Ethanol stimulates glycogenolysis and inhibits both glycogenesis via gluconeogenesis and from exogenous glucose in perfused rat liver

Abstract

Aims: Although it is commonly recognized that ethanol suppresses gluconeogenesis, the influence of alcohol intake on blood glucose levels remains controversial. Ethanol may act on both glucose production and glucose consumption in the liver. Thus, we studied each effect of ethanol on glucose oxidation, gluconeogenesis, glycogenesis and glycogenolysis in the liver.

Methods: The rat liver was isolated and cyclically perfused with a medium containing 50 mmol/l ethanol.

Results: Ethanol enhanced 14C-glucose oxidation in the liver from 1.09 +/- 0.11 to 1.41 +/- 0.14 micromol for 20 min (p < 0.05). Gluconeogenesis from 14C-lactate was markedly reduced by ethanol from 8.0 +/- 1.3 to 1.5 +/- 0.6 micromol for 12 min (p < 0.01). Ethanol increased glycogenolysis (net hepatic glucose output, 0.47 +/- 0.10 vs. 0.22 +/- 0.04 mmol/30 min, p < 0.01), and then decreased hepatic glycogen content (179 +/- 38 vs. 273 +/- 39 mg in the presence of 1 mU/ml insulin after 30 min of perfusion, p < 0.05). Ethanol decreased the direct glycogenesis from 14C-glucose from 0.55 +/- 0.08 to 0.33 +/- 0.05 micromol per 100 mg glycogen for 30 min (p < 0.01). Ethanol inhibited the indirect glycogenesis from 14C-lactate from 0.21 +/- 0.04 to 0.09 +/- 0.01 micromol per 100 mg glycogen for 30 min (p < 0.01).

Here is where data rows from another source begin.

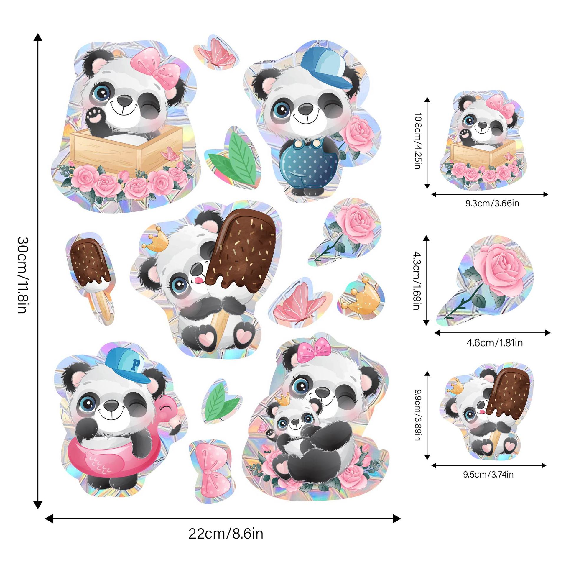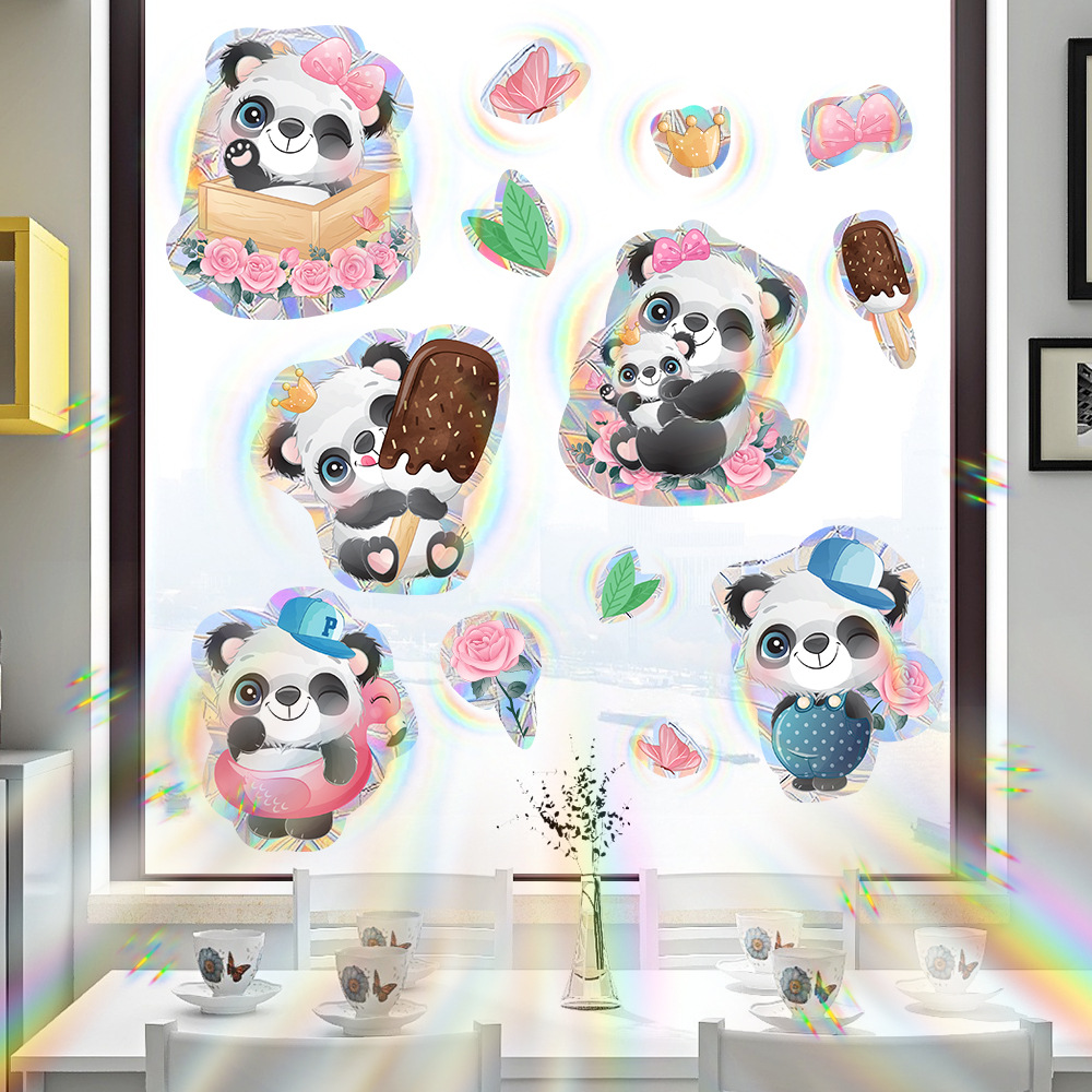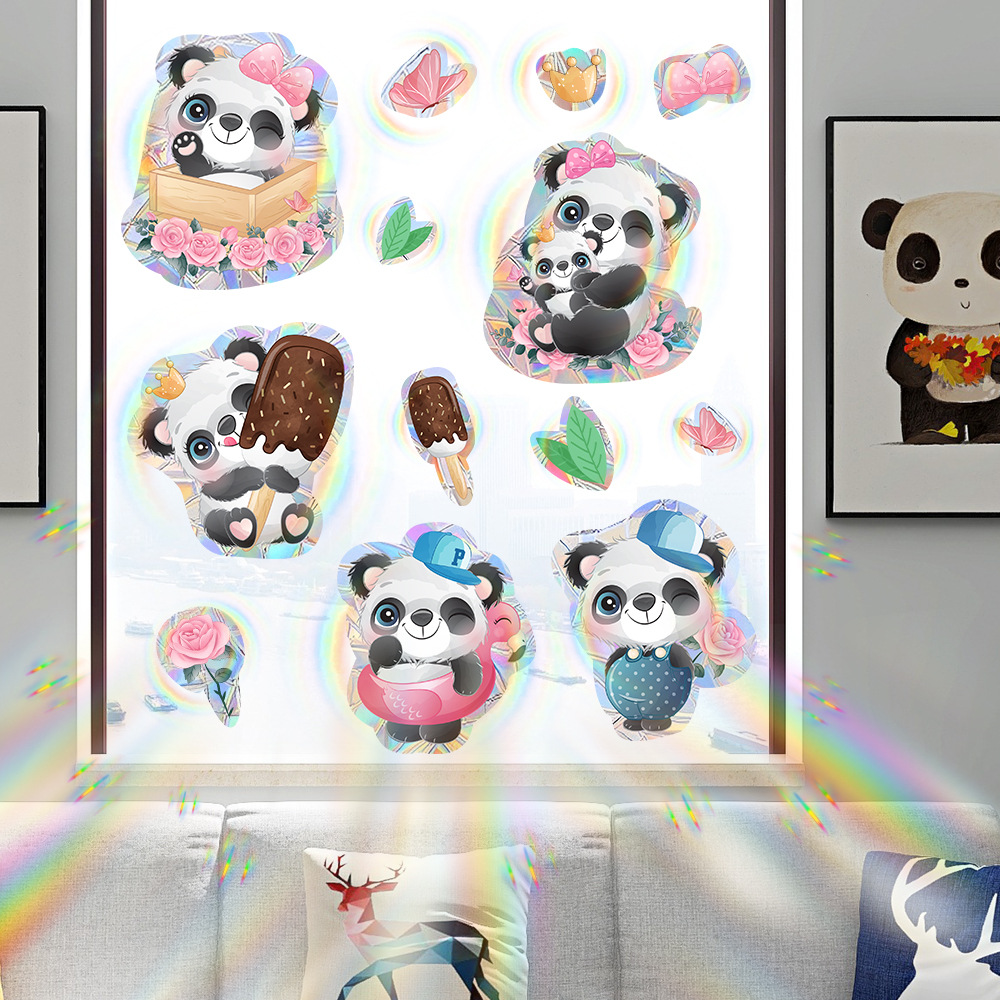 Yiyao XC2330 새로운 다채로운 귀여운 팬더 아이스크림 창 스티커 거실 문 및 윈도우 선샤인 포수 유리 정전기 스티커스토어 가기
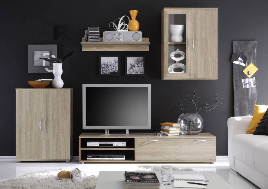 TV-wand Gate in eiken decor: 4 meubelelementen maken samen een mooie TV-wand: de wandplank om bijvoorbeeld leuke foto's op te zetten, een sierlijke staande en hangende kast met opbergruimte en natuurlijk het tv dressoir voor uw flatscreen! Spotprijs...
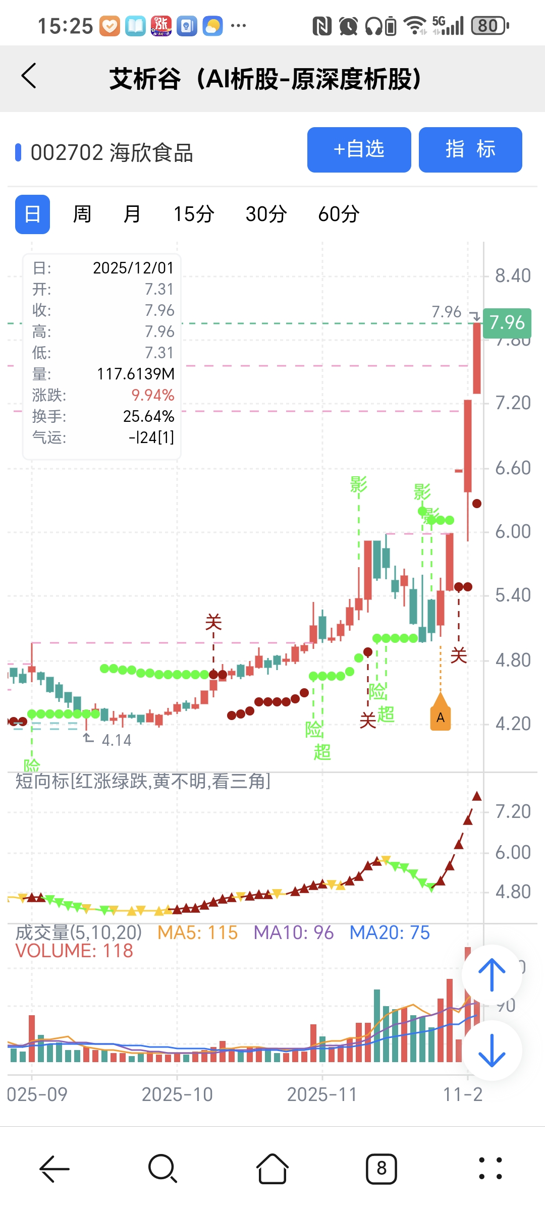 红绿小圆点是艾析谷的量化指标-超级短趋线,是趋势跟踪+突破类的量化指标,完全免费。

Discussion: The influence of ethanol on the blood glucose regulation by the liver seems to be different between fasted and fed states. Namely, ethanol has both the hypoglycemic effects through decreased gluconeogenesis and increased glucose oxidation and the hyperglycemic effects through decreased glycogenesis and increased glycogenolysis.